I am currently working with a dataset of several hundred million observations in Stata, which as I am aware is not particularly efficient at handling datasets this large. It can take close to an hour to process a few split-apply-combine statements for example, and this is on a fast computer.

Are the algorithms used in the Julia data ecosystem good for this? In particular, there is a Stata package, ftools, which claims that Stata’s built in algorithms are O(N log(N)), but that O(N) algorithms exist for many standard operations. I don’t know much about working with large datasets, so I can’t say why this is, but maybe the Julia packages use the more efficient algorithms.

One discussion I’ve seen on this topic is https://github.com/JuliaData/DataTables.jl/pull/17 , which suggests R’s data.table is considerably faster than the Julia version. I don’t know if this has improved, or if things are better in Query or another package.

I would rather use Julia for data work because I like the language, and if it is faster than Stata that is even better!


#2

I am in a similar situation (500 GB of CSV data, 3e8 observations, panel data matched by individual IDs). I tried to explore options in the Julia ecosystem, but similar questions here did not get answers, so I am under the impression that there is no general out of the box solution.
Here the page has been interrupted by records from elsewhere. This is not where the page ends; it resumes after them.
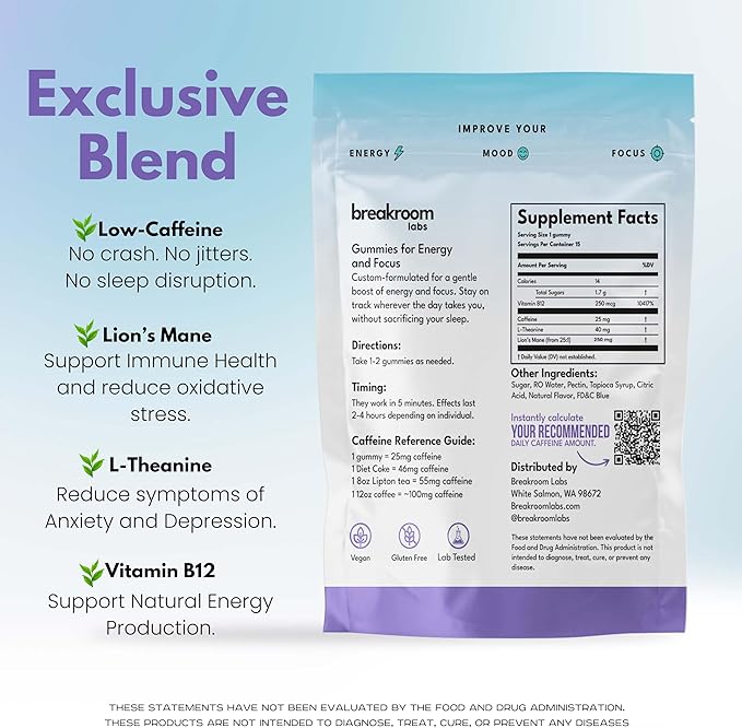 - Smooth Energy- Designed for a gentle, yet effective lift, our low-dose 25mg caffeine gummies are made for everyone yet suitable for caffeine-sensitive, half-caff, and low-caffeine diets. Vitamin B12 naturally supports your body's energy production. Unlike high caffeine gum, caffeine chews, mints, or coffee, our energy gummy is gentle yet fast-acting. No jitters, no crash, or disrupting your sleep.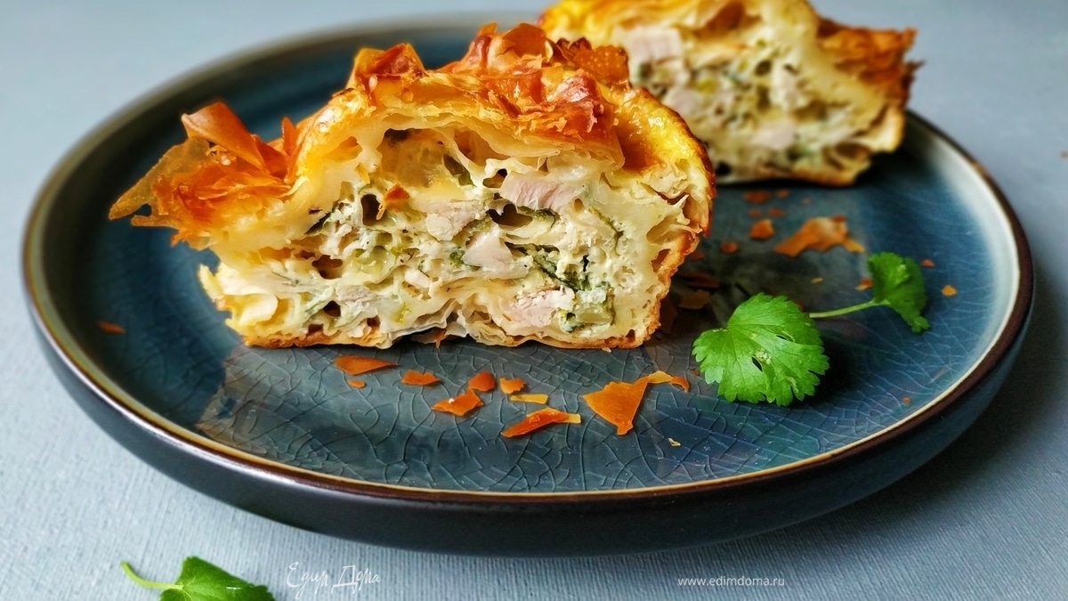 Начинку прикройте тестом, смажьте яйцом. Выпекайте в духовке при температуре 170°C 35 минут. Следите, чтобы тесто фило не пригорело. - Шаг 6
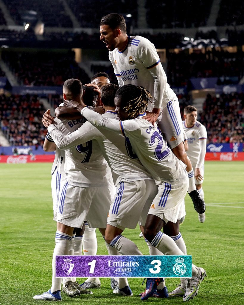 ورفع ريال مدريد رصيده إلى 78 نقطة في الصدارة بفارق 17 نقطة أمام أقرب منافسيه أتلتيكو مدريد صاحب المركز الثاني، والذي تعادل الأربعاء على ملعبه مع غرناطة سلبيا، بينما تجمد رصيد أوساسونا عند 44 نقطة في المركز التاسع.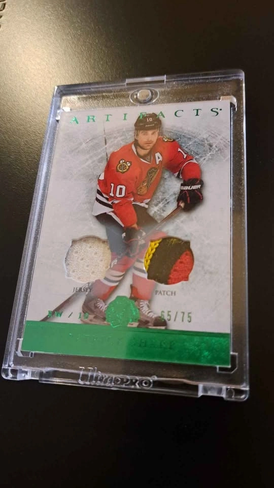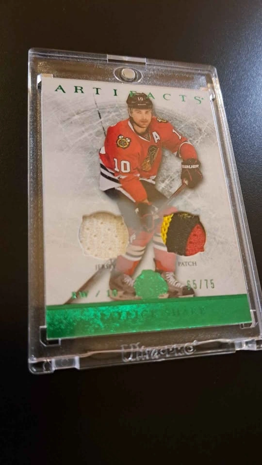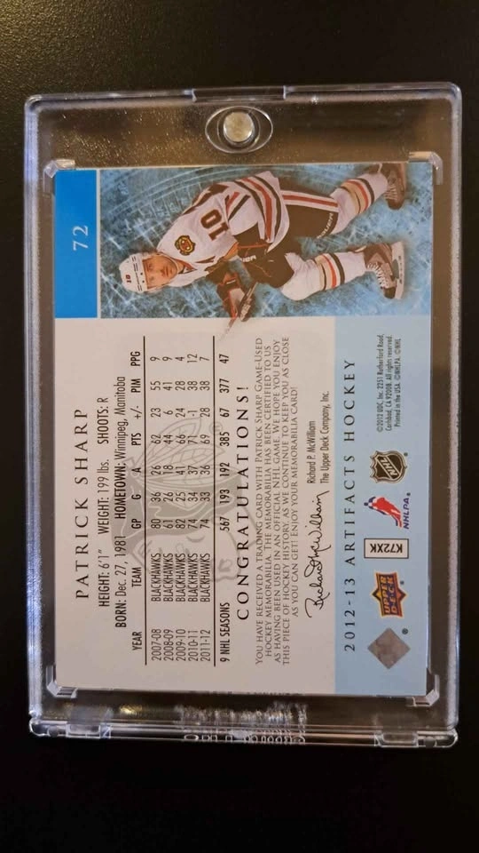 Very nice game on materials emeralds card of Patrick Sharp from the Chicago Blackhawks. Card is protected in a one touch hard case.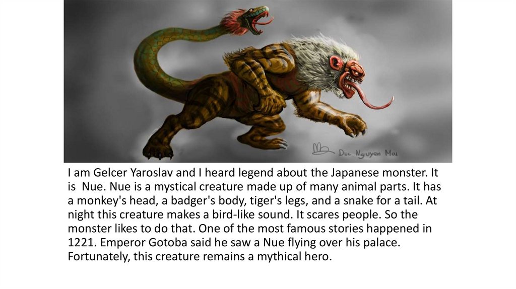 I am Gelcer Yaroslav and I heard legend about the Japanese monster. Itis Nue. Nue is a mystical creature made up of many animal parts. It has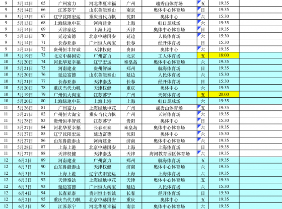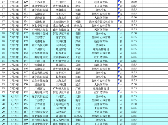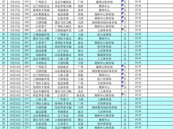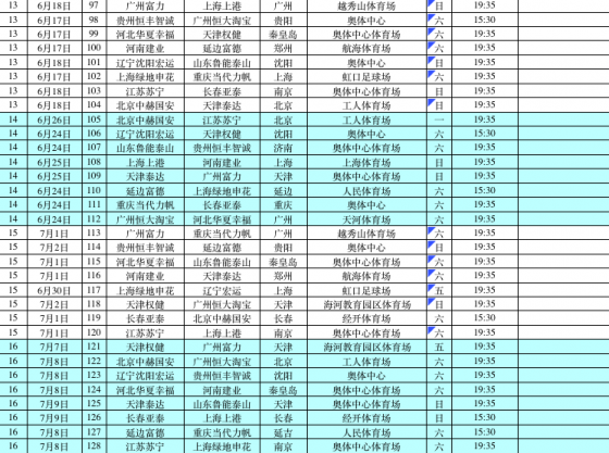 (六)每轮比赛至少安排1场且不多于2场的焦点比赛。(焦点比赛为:强队之间、同城德比、升班马之间、江苏和上海等球队之间的)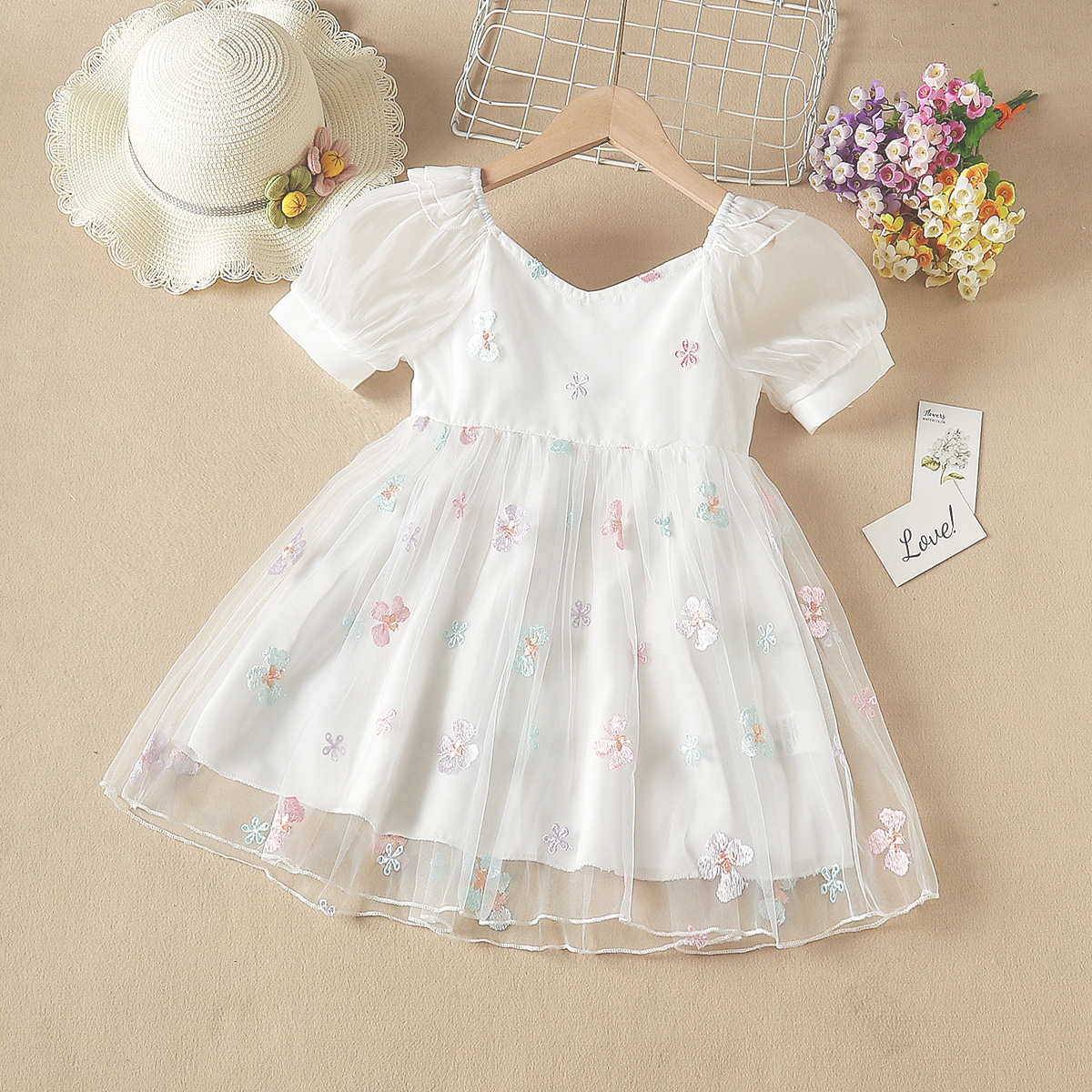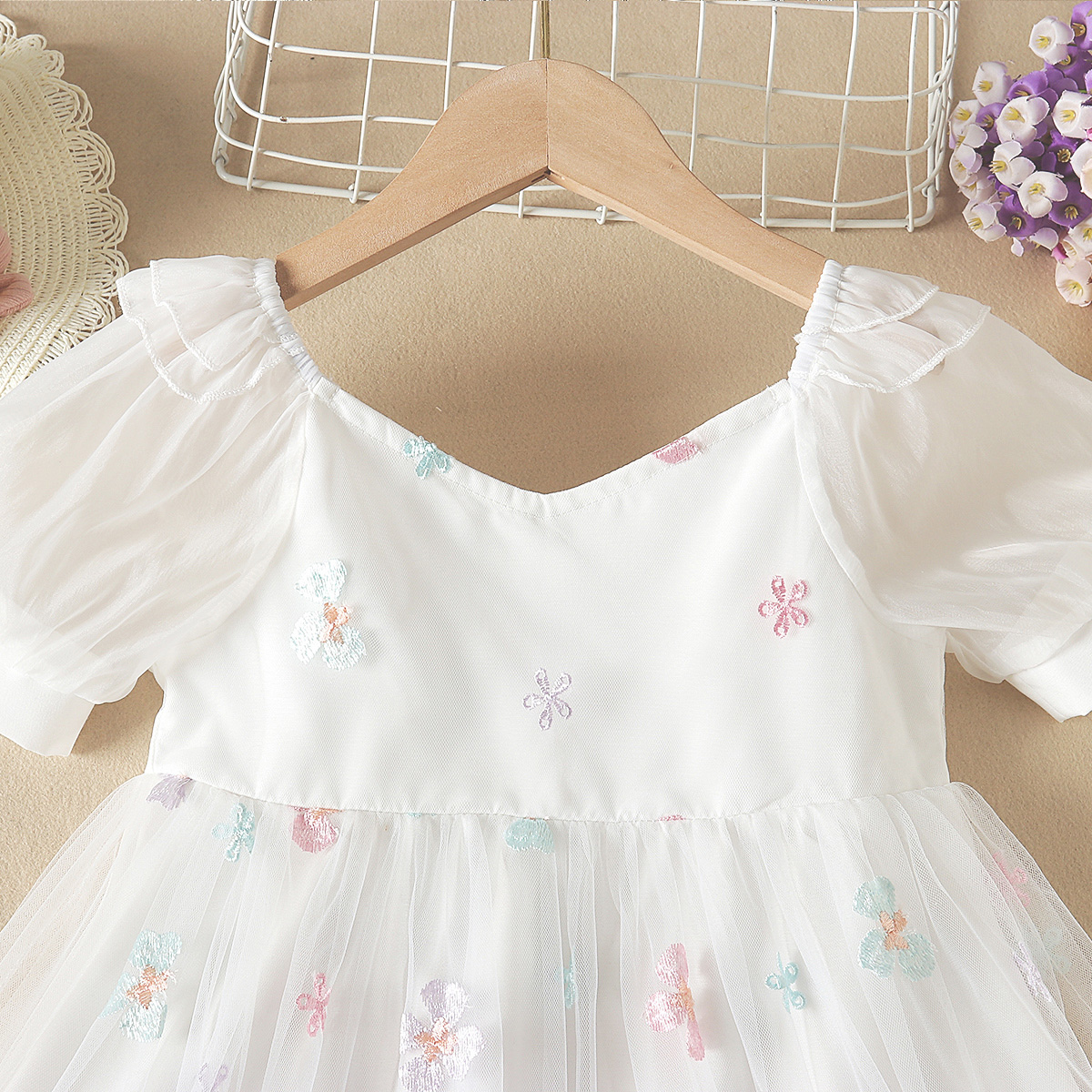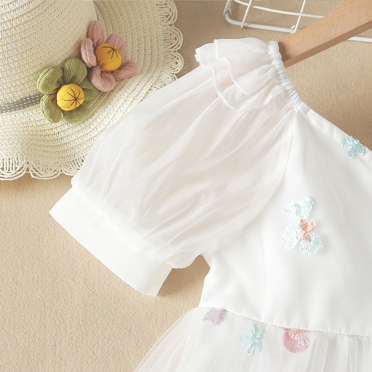 Toddler Girls V-neck Butterfly Mesh Hem Dress Wholesale

I ended up creating a 1% subsample of my data for exploratory analysis, then after I decided what to do I encoded things in a tighly packed binary format which I can serialize, it also fits in memory. I read the data and convert, then work with the gzipped serialized data dump.


#3

Unfortunately, we haven’t done a lot of benchmarking at the moment. On the positive side, data.table is known to be very fast, and there’s no guaranty that Stata is as fast as data.table. So we might be competitive with Stata. I would love to find out. If you could post an example of the operations you’re doing (with dummy data which looks more or less like what you have), that would be useful.

It’s also possible things improved a bit with recent pull requests (though probably not by much), and if you want to use aggregate there’s this open PR.

Finally, for large data sets like this, using database engines via one of the various JuliaDB packages can be a good idea.


#4

Also, I don’t think the O(N) vs. O(N log N) criticism applies to us, as we don’t use the naive grouping algorithm that (they say) Stata uses. Ours is inspired by Pandas, and we don’t sort on each variable unnecessarily. Looks like we use similar approaches based on hashing.


#5

You can use Pandas.jl to get the efficiency of Pandas C-based data frames while generally retaining the good parts about Julia.


#6

Is there a place to go to see current benchmarks of Pandas.jl vs. DataFrames/DataTables and data.table/tibble? It seems like these benchmarks are being used quite a lot in the development of these packages.


#7

As I said these benchmarks don’t really exist, at least not in a systematic way (which is unfortunate).


#8

Oh, you did say that above. Sorry.


#9

I am in a similar situation right now. As far as I can tell, DataTables will give pretty good performance, but I’m not really doing much grouping and joining, most of my work has to do with getting tables into machine-ingestable formats.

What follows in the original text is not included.